Updated: 05 February 2024 15:39:08 OpenCRM::Emails Windows::Outlook Hosted::Services Hosted::Services::Domain Hosted::Services::Email

If you intend to send emails from your OpenCRM system you will need to set up an SPF record for your domain to ensure that these emails can be received.

1. Why is having an SPF record important?

2. What is an SPF record and how does it relate to OpenCRM?

3. How do I create an SPF record?

4. I'm ready to set up my SPF record

If you already understand SPF and are ready to set this up you can skip to "I'm ready to set up my SPF record" at the end of this article.

 

Sender Address Forgery

Today, nearly all abusive e-mail messages carry a fake sender addresses. The victims whose addresses are being abused often suffer from the consequences, because their reputation gets diminished and they have to disclaim liability for the abuse, or waste their time sorting out misdirected bounce messages.

You probably have experienced one kind of abuse or another of your e-mail address yourself in the past, e.g. when you received an error message saying that a message allegedly sent by you could not be delivered to the recipient, although you never sent a message to that address.

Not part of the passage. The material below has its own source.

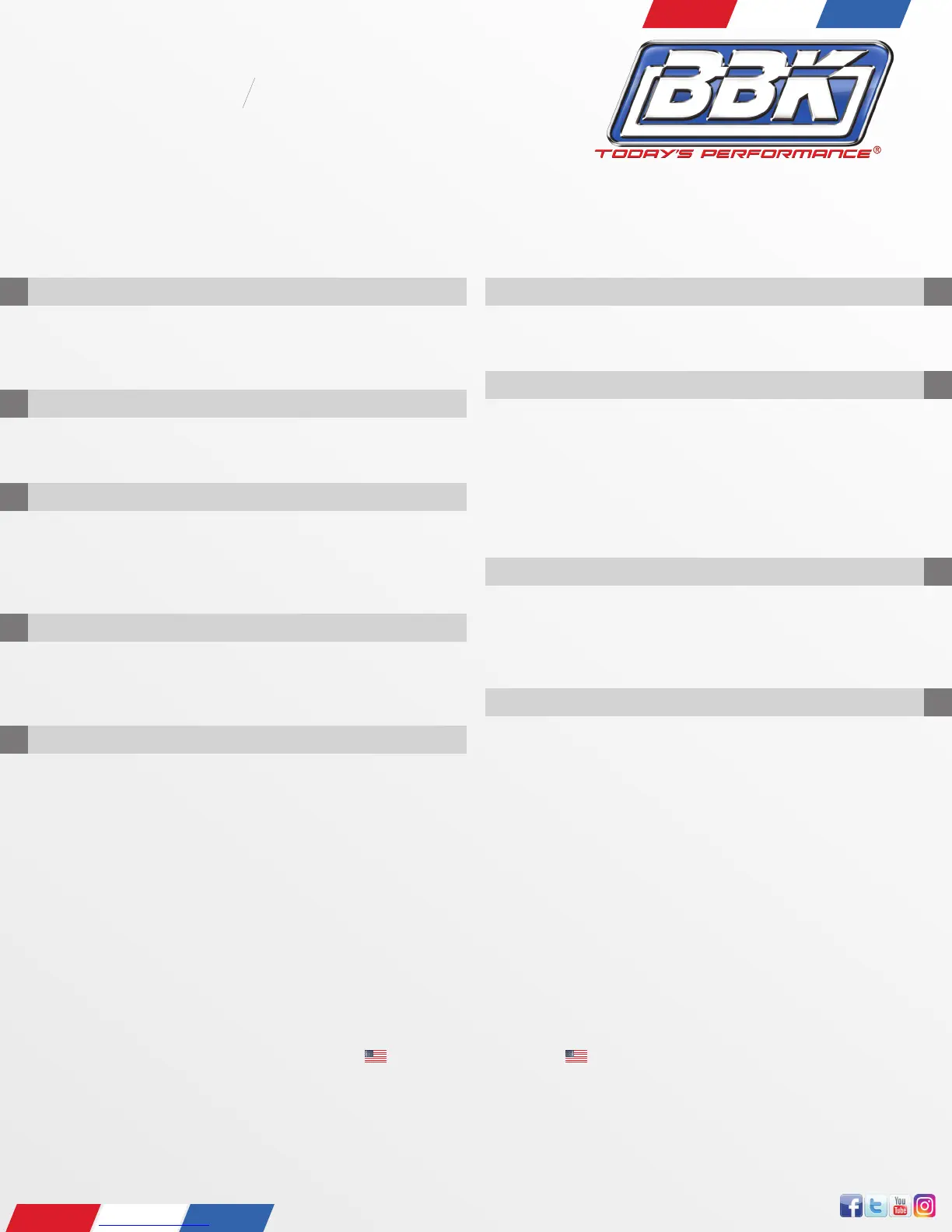 BBK Performance Inc. accepts no responsibility for injuries or damage caused by or during the installation of this product.

Sender address forgery is a threat to users and companies alike, and it even undermines the e-mail medium as a whole because it erodes people's confidence in its reliability. That is why your bank never sends you information about your account by e-mail and keeps making a point of that fact.

 

The Solution: SPF

The Sender Policy Framework (SPF) is an open standard specifying a technical method to prevent sender address forgery. 

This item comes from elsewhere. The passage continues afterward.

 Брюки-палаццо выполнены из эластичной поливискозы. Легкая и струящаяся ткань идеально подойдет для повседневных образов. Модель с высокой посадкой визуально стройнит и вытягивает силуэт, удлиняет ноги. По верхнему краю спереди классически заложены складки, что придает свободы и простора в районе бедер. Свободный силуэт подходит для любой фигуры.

SPF allows the owner of a domain to specify which mail servers they use to send mail from their domain. Firstly the domain owner publishes this information via an SPF entry in the domain's DNS records, then when someone else's mail server receives a message claiming to come from that domain, the receiving server can check whether the message comes from a server specified in the DNS records for that domain.

 

What does this mean in relation to OpenCRM?

If you are using OpenCRM to send emails then you will not be using your own email server to do so. Emails sent from OpenCRM will be sent through our server infrastructure. In order to ensure that emails sent in this way are recognised as genuine by the recipient you need to include the OpenCRM server as an allowed sender for your Domain with an SPF record. 

 

What should I do now?

It is strongly recommended you conduct your own research and are confident about the changes required before altering your DNS records.

  • The following tools can help guide you through creating an SPF record; however, you should first ensure you understand the terminology and options available: https://spfrecord.io/ and https://mxtoolbox.com/SPFRecordGenerator.aspx
  • Once you have created and set-up your SPF record you need to ensure it is working correctly. Mail Tester provides an email verification tool to test whether your SPF record is working.